One of my favorite things is interacting with our wonderful subscribers and listeners. Each week I receive e-mails, comments on Facebook and Twitter, and great suggestions from my followers on Pinterest about dozens of family-related topics. There is one topic, however, that really resonates with the majority of parents across the board and that topic is handling defiant children.

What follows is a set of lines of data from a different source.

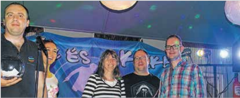
A tombola fődíja egy tablet volt

Pénteken nagy sikerrel lezajlott a Vörösmarty Rádió közönségtalálkozója az egyik fehérvári vendéglátóhelyen. A szép számmal érkező hallgatók személyesen is megismerhették az éterből már ismerős „hangokat”, és nemcsak a rádió szerkesztőit, műsorvezetőit, de azokat az állandó vendégeket is, akik hétről hétre színesítik a műsort. A találkozó végén Bokányi Zsolt zenekara, a Boka és a klikk szórakoztatta a közönséget.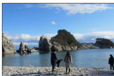
旅行会社担当者招請 2日目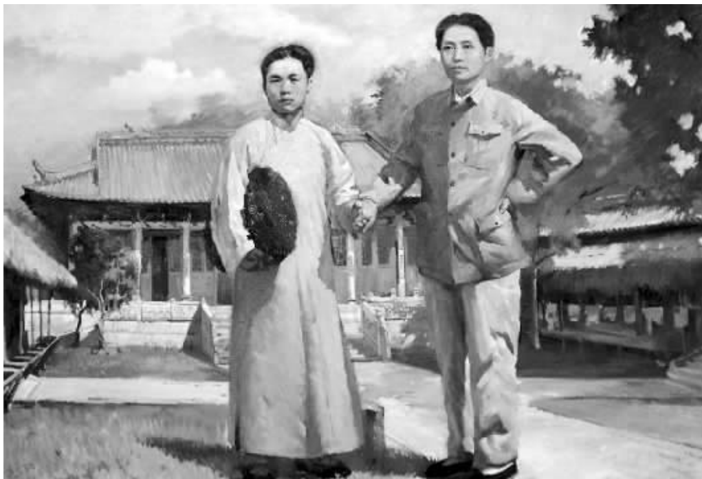
孙逊群在广州参加第六届农民运动讲习所时,向毛泽东详细汇报了江阴、沙洲农民运动的情况(油画)

《星光》报的出现,使江阴当局如临大敌,派出警探四处侦查,周水平因此牺牲了生命。1926年1月17日,孙逊群撰写《鸣冤宣言》在《申报》发表。同时,撰写了五更调《十哭周水平》,揭露周案之真相,痛斥军阀政府倒行逆施之罪行。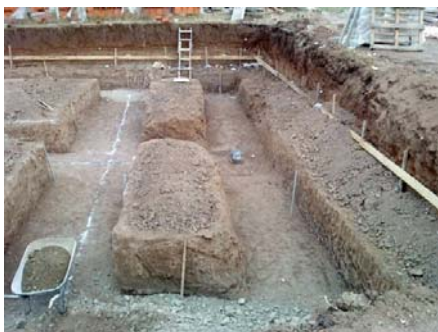
Slika 1 - Razastiranje sloja šljunka

Široki iskop za podrum i iskop za temeljne trake vrši se bagerom sa dubinskom kašikom zapremine 0.5 m 3 , a odvoz iskopane zemlje kiperima zapremine koša 10 m 3 , na deponiju koja je udaljena od gradilišta 2 km. Posle iskopa razastire se sloj šljunka kao tampon ispod temelja (sl. 1), preko koga se radi sloj mršavog betona. Šljunak se prevozi, od skladišta na gradilištu do temelja, ručnim kolicima, razastire se u temeljne jame i vrši zbijanje vibro-nabijačima.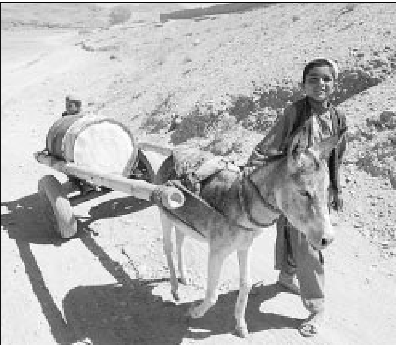
مطل افغاني ينقل مياهها للشرب في قرية قرب حدود باكستان

وقالت الامانة العامة للحزب الحاكم بان السودان يؤسس موقفه في هذه القضية على منهج ديني واخلاقي، ويؤكد الامانة العامة لحزب المؤتمر الوطني الحاكم في الخرطوم السياسات التي انتهجتها القيادة السياسية بالسودان ازاء الاحداث الامريكية الاخيرة ورفضها القاطع لارهاب ارواح المدنيين.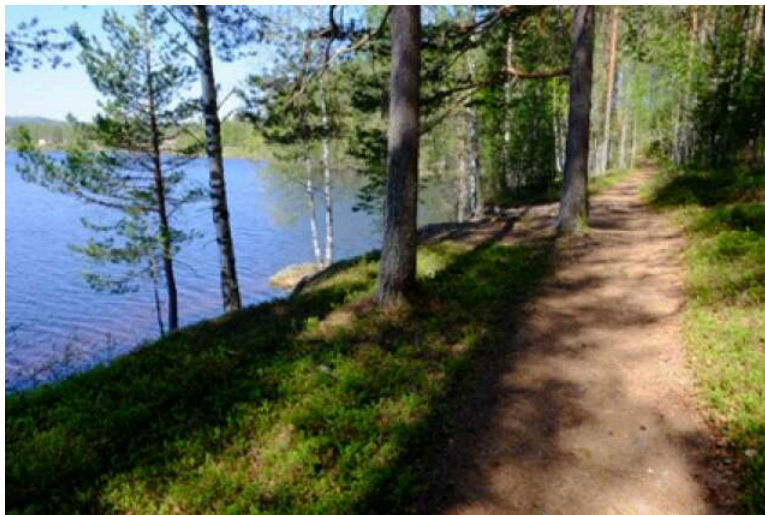
"Kärleksstigen" i Lekvattnet.

Samtliga "hytter" som det heter på bokningssajternas hemsidor ligger avsides med tallskog inpå knutarna och naturen som närmaste granne. Det är ett par hundra meter mellan varje stuga, skrev NWT i en tidigare artikel.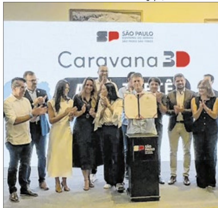
O Governador investirá em escolas e vias da cidade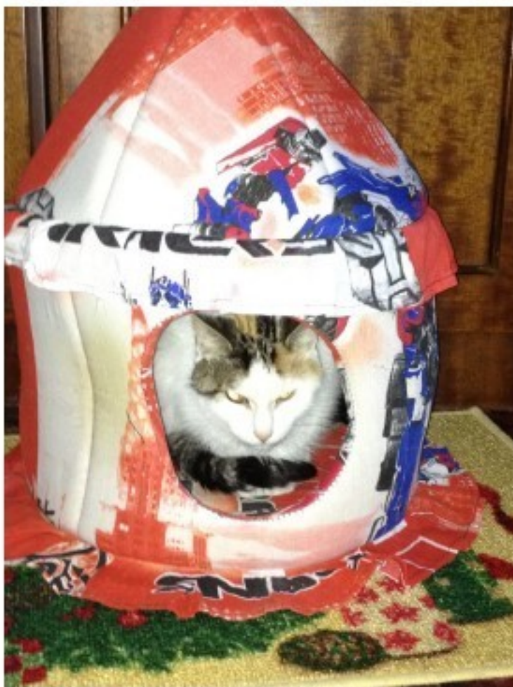
Сяся очень любила этот домик.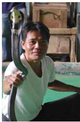
et visite d'une ferme de serpents !

Je suis heureux d'avoir fait ce voyage avec ma famille.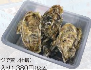
(レンジで蒸し牡蠣) 1kg入り1,380円(税込)

1年物と2年物があるサロマ湖のカキ。大ぶりで食べ応えのある2年物が人気。新鮮だから、生ガキとして食べるのももちろん、酒蒸しやカキ鍋、カキご飯など、自分好みの食べ方で冬の名物を存分に楽しもう。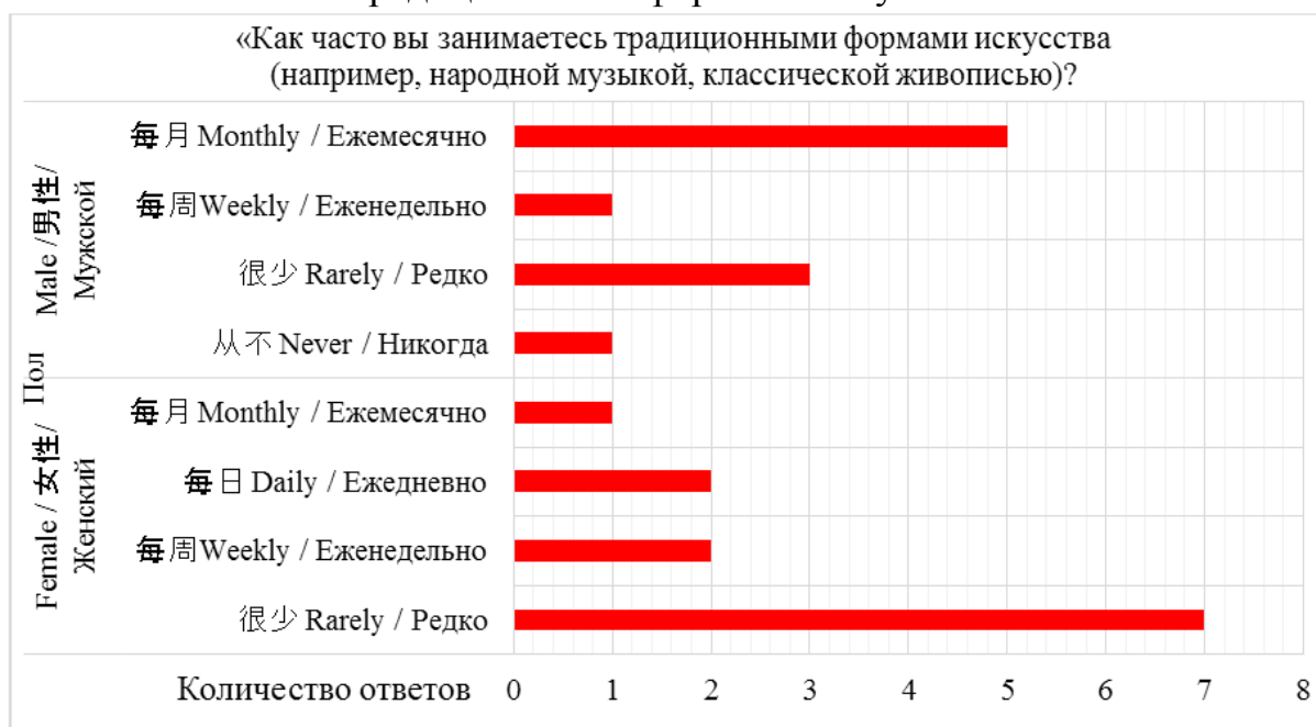
Рисунок 1. Диаграмма распределения ответов среди опрошенных о частоте занятий традиционными формами искусства

Мнения по поводу самой большой угрозы традиционной культуре разделились. Часть опрошенных считает, что никакой угрозы нет, а другая часть считает, что угрозами являются: недостаточная устойчивость к новым направлениям культуры, в том, что молодежь не понимает смысла традиционной культуры, на нее меньше стали обращать внимания и не пропагандируют ее.

So, I’m going to answer a few of your toughest questions about defiance with tried and true strategies.
Question 1
Dear Might Mommy,
My 13 year old daughter has persistent, defiant traits that are driving me crazy such as not attending to house chores, being careless with expensive items like iPods and her cell-phone, and overall displaying a lazy attitude to life in general. I find myself nagging and barking out demands and threats on a regular basis but that’s not seeming to make a difference. I’m at wit’s end! Can you offer any suggestions to help?
Jennifer
Dear Jennifer,
Most parents can definitely relate to your situation, believe me, so please know you are not alone. But here’s the thing—nagging and arguing with your children (or anyone else for that matter) never works. Do you have any one in your life—a spouse, co-worker or maybe a parent or inlaw—who uses nagging as a means to try and change a behavior or situation they are not pleased with? When that happens, what do you do? Usually, you get frustrated with their badgering approach and then you simply tune them out.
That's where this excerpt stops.